Andreassen, Erik3; Andreasen, Casper Schousboe4; Jensen, Jakob Søndergaard5; Sigmund, Ole1
1 Department of Mechanical Engineering, Technical University of Denmark2 Solid Mechanics, Department of Mechanical Engineering, Technical University of Denmark3 DTU Admission Course, Technical University of Denmark4 Centre for oil and gas – DTU, Center, Technical University of Denmark5 Department of Electrical Engineering, Technical University of Denmark
Topology optimization has been used to design two-dimensional material structures with specific elastic properties, but optimized designs of three-dimensional material structures are more scarsely seen. Partly because it requires more computational power, and partly because it is a major challenge to include manufacturing constraints in the optimization. This work focuses on incorporating the manufacturability into the optimization procedure, allowing the resulting material structure to be manufactured directly using rapid manufacturing techniques, such as selective laser melting/sintering (SLM/S). The available manufacturing methods are best suited for porous materials (one constituent and void), but the optimization procedure can easily include more constituents. The elasticity tensor is found from one unit cell using the homogenization method together with a standard finite element (FE) discretization. The distribution of the material in the unit cell is optimized according to a given objective (e.g. maximum bulk modulus or minimum Poisson’s ratio) and some given constraints (e.g. isotropy) using topology optimization. The manufacturability is achieved using various filtering techniques together with a stochastic approach, where the mean performance of several slightly different designs is optimized. In most cases this assures a minimum length scale for the intermediate design, and thereby manufacturability is achieved. Furthermore, the study will look at how "negative" aspects of the manufacturing method can be exploited to achieve exotic material properties. An example of this is how the SLM/S causes softer regions in the structure due to insufficient heating of the metal powder.

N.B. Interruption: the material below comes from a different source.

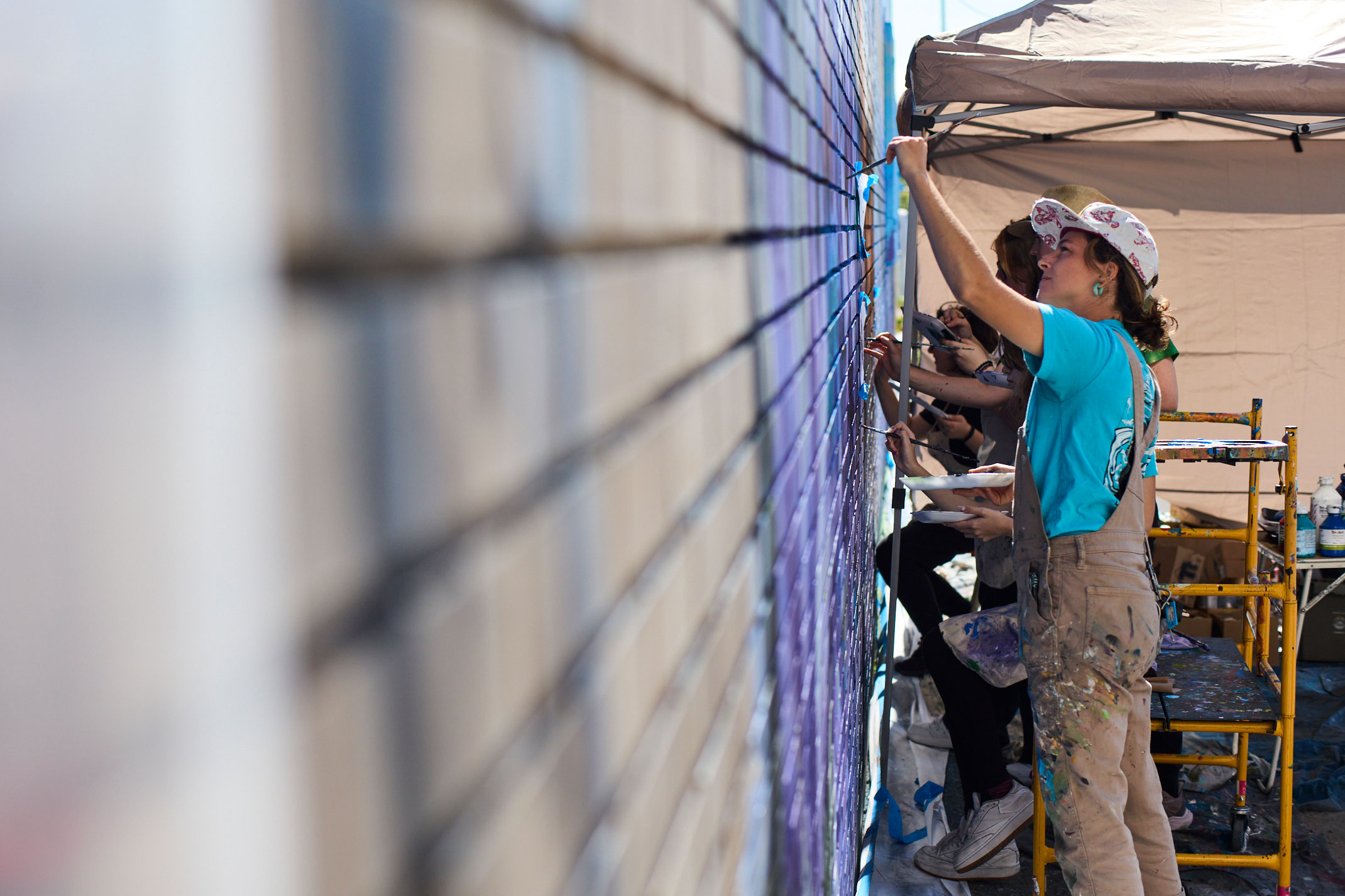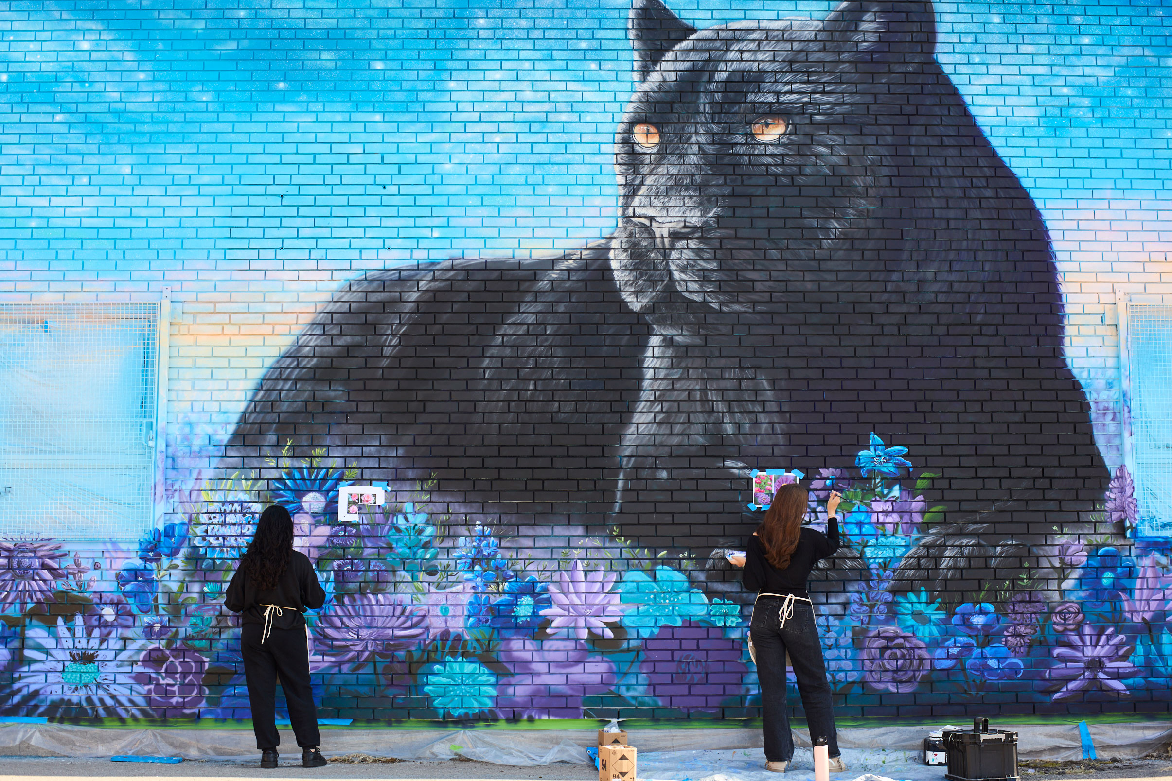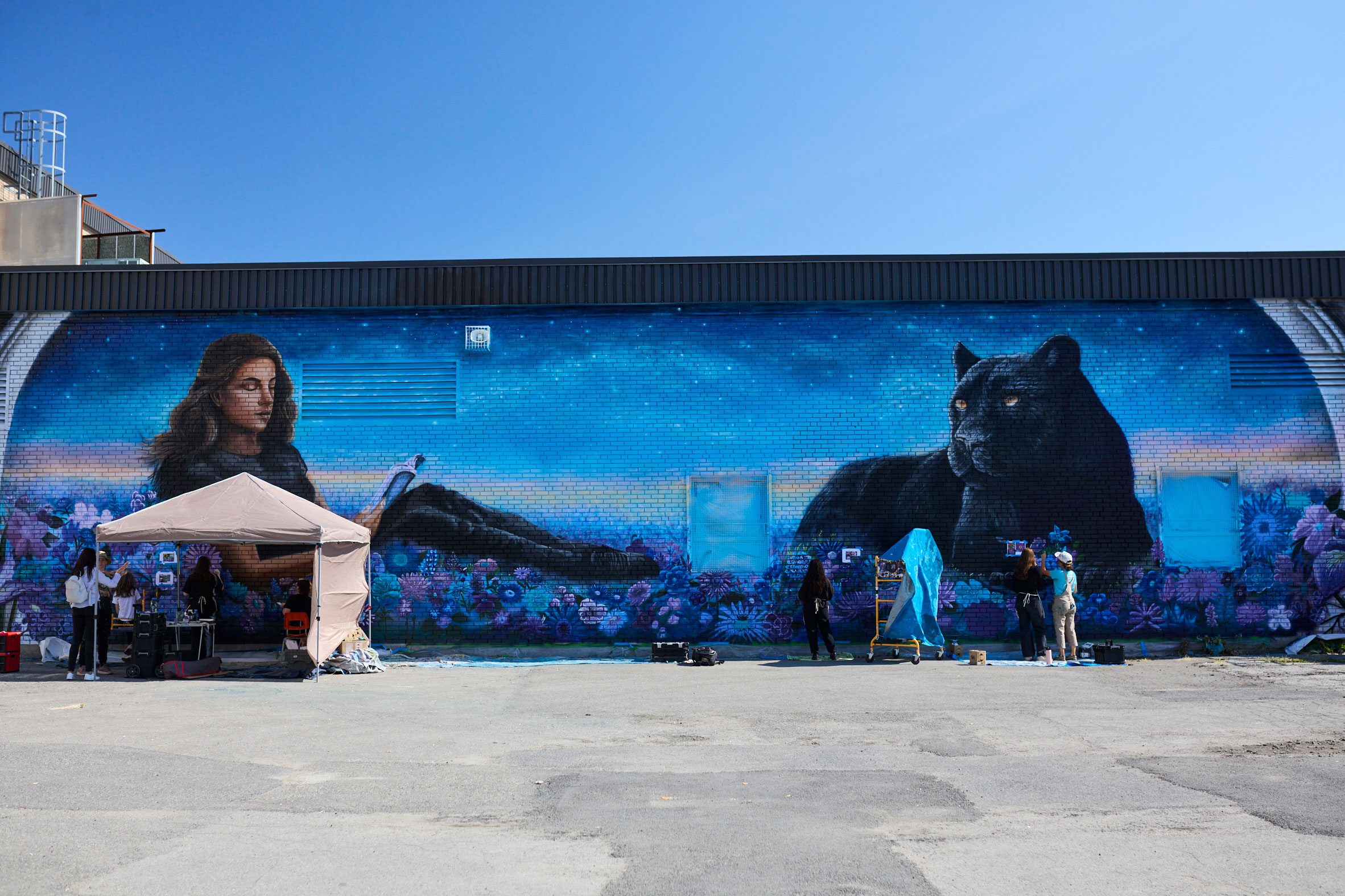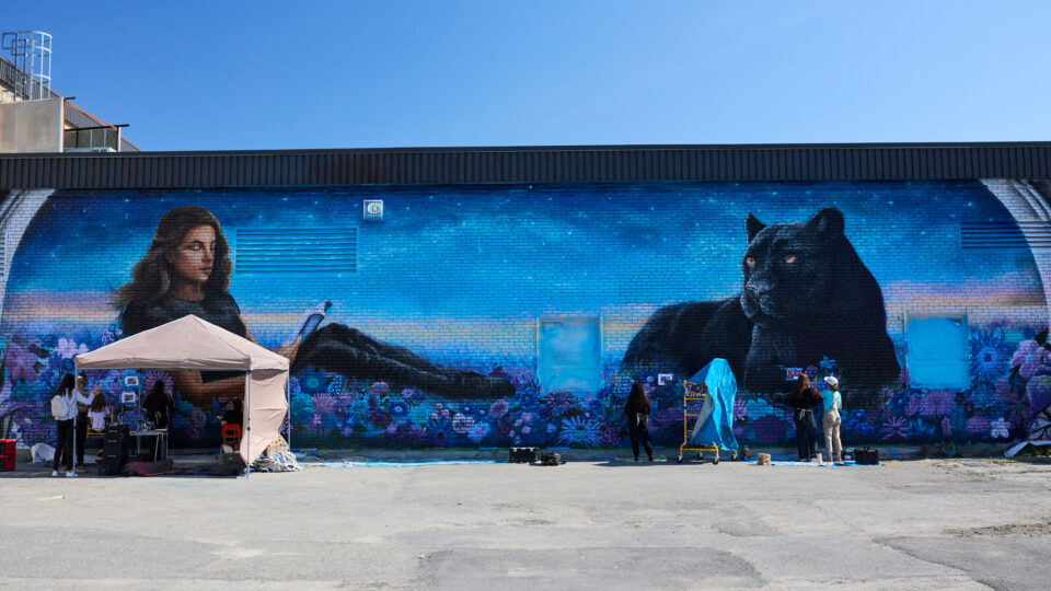 Murale collaborative Ici c’est Chomedey réalisée par la Lavalloise Émily Read

If the goal is to design a material, which to some degree is compliant, such as negative Poisson’s ratio material, softer regions are desirable. Another example is closedcell materials, e.g. maximum bulk modulus material, where the cells will be filled by metal powder if manufactured using SLM/S. This is considered as a drawback, because it makes the structure heavier. However, it also drastically increases the damping ratio of the structure, which is beneficial in many applications.